By Michael Szabo

I’ve aspired to visit Te Hauturu-o-Toi since reading, three decades ago, that plans to transfer huia to the island failed to eventuate after the last pair captured in the lower North Island in 1893 was acquired by Walter Buller, sent to Baron Walter Rothschild in England, and died en route.

My aspiration was renewed with the publication last year of the book “Hauturu”, edited by Lyn Wade and Dick Veitch of the Trust. After reviewing it for Birds New Zealand magazine, I asked Lyn how I might visit the island. She and Dick kindly arranged for me to get a permit from Te Papa Atawhai Department of Conservation (DOC) and join a trip in January 2021 after a spare place came up.

During the calm journey out we passed increasing numbers of toanui (flesh-footed shearwaters) rako (Buller’s shearwaters) and tïtï (Cook’s petrels) and a few takahikare-moana (white-faced storm petrels), but no New Zealand storm petrels.

Arriving at Te Maraeroa Spit we found abundant korimako (bellbirds) warou (welcome swallows) and kererū and kākā flying near the ranger’s house.

Walking up the Valley Track the bush was alive with korimako and tīeke and it wasn’t long before I saw my first Hauturu hihi (stitchbird) – a sub-adult. Further on I also saw a smart adult male. As I watched him, red-crowned kākāriki chattered above and koekoea (long-tailed cuckoos) whistled from trees up the slope. A kahu drifted over the canopy causing the forest to fall silent but after a few minutes, one of the koekoea flew over the valley and a second sped off through the trees.

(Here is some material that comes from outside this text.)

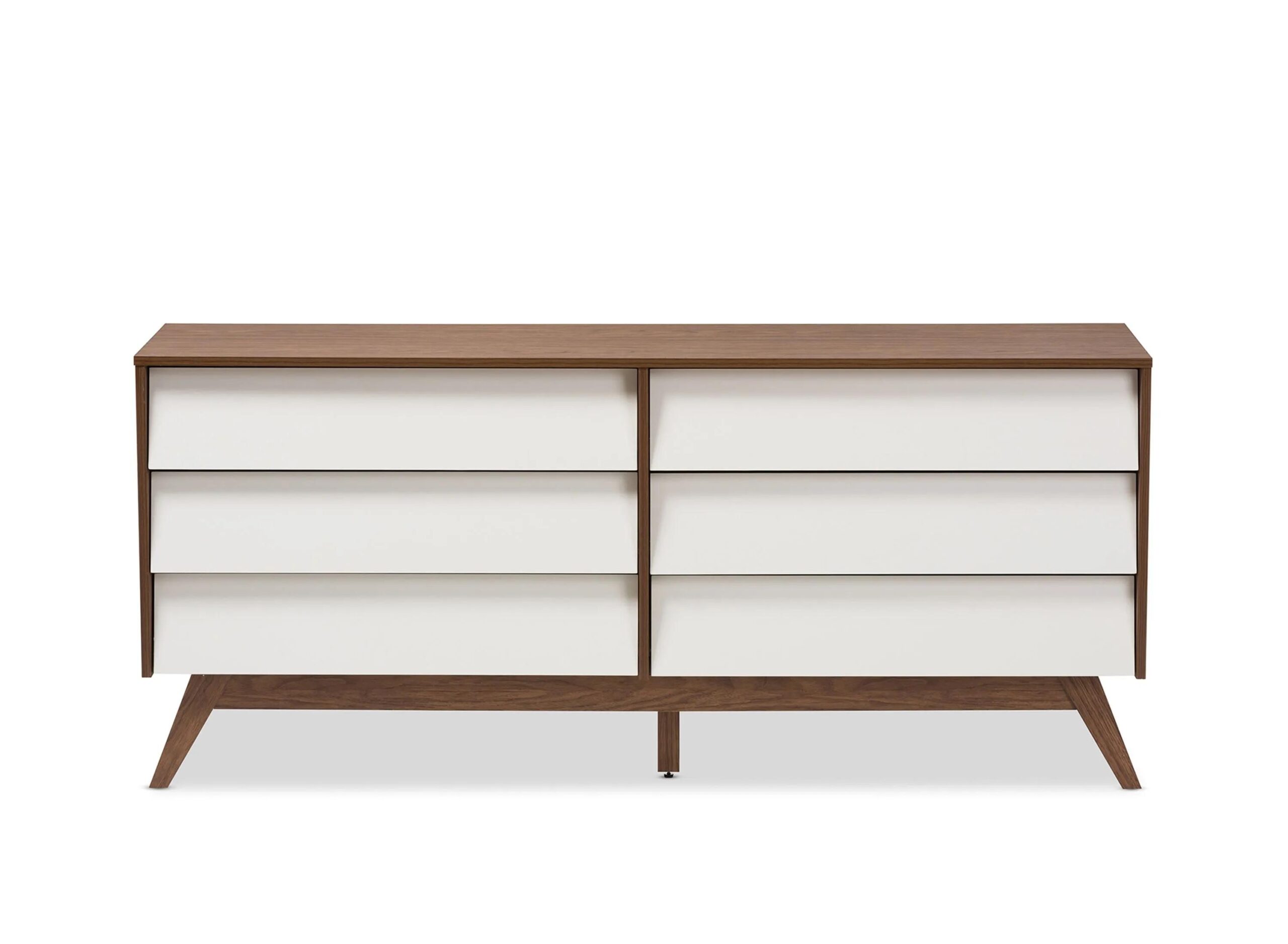 Featuring two-tone finishing in walnut and white, the Hildon wood 6-drawer storage dresser is a mid-century modern collection that will attract all of the attentions. The slanted design of the drawers gives it extra character and individual style while the splayed legs showcasing the retro modern
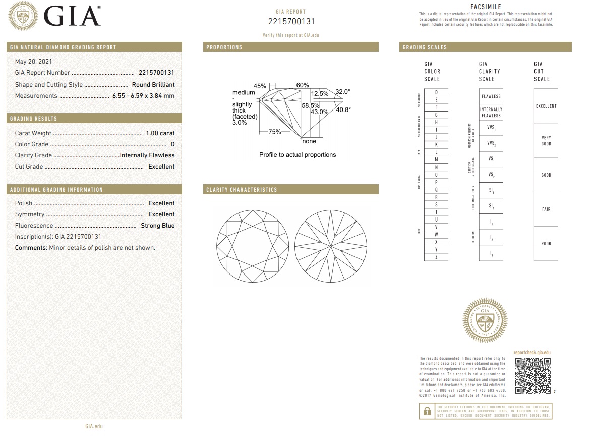 A loose round brilliant cut Diamond of 1.00ct (With GIA report graded as D Internally Flawless #2215700131). (New)

Feeling lucky to have seen hihi and koekoea, I set of f back to the rangers’ house. I’d only walked a few metres when I heard the rustling sound of a dark brown bird with pale brown streaks casually walking towards me – a North Island brown kiwi. I stopped and took a few photos as it probed the dry ground and crevices between tree roots, audibly snapping its long pale bill between each probing. After ten minutes, it continued up the slope and I lost sight of it.

Later on, while chatting with Dick near the house, a kōkako jumped out of a tree onto the ground in front of us, giving us sublime views of it for several minutes as it hopped around feeding before bounding off.

Seeing Hauturu’s magic birds close-up was an unforgettable experience. If you have the chance to visit I would highly recommend it.

Michael Szabo is editor of Birds New Zealand magazine.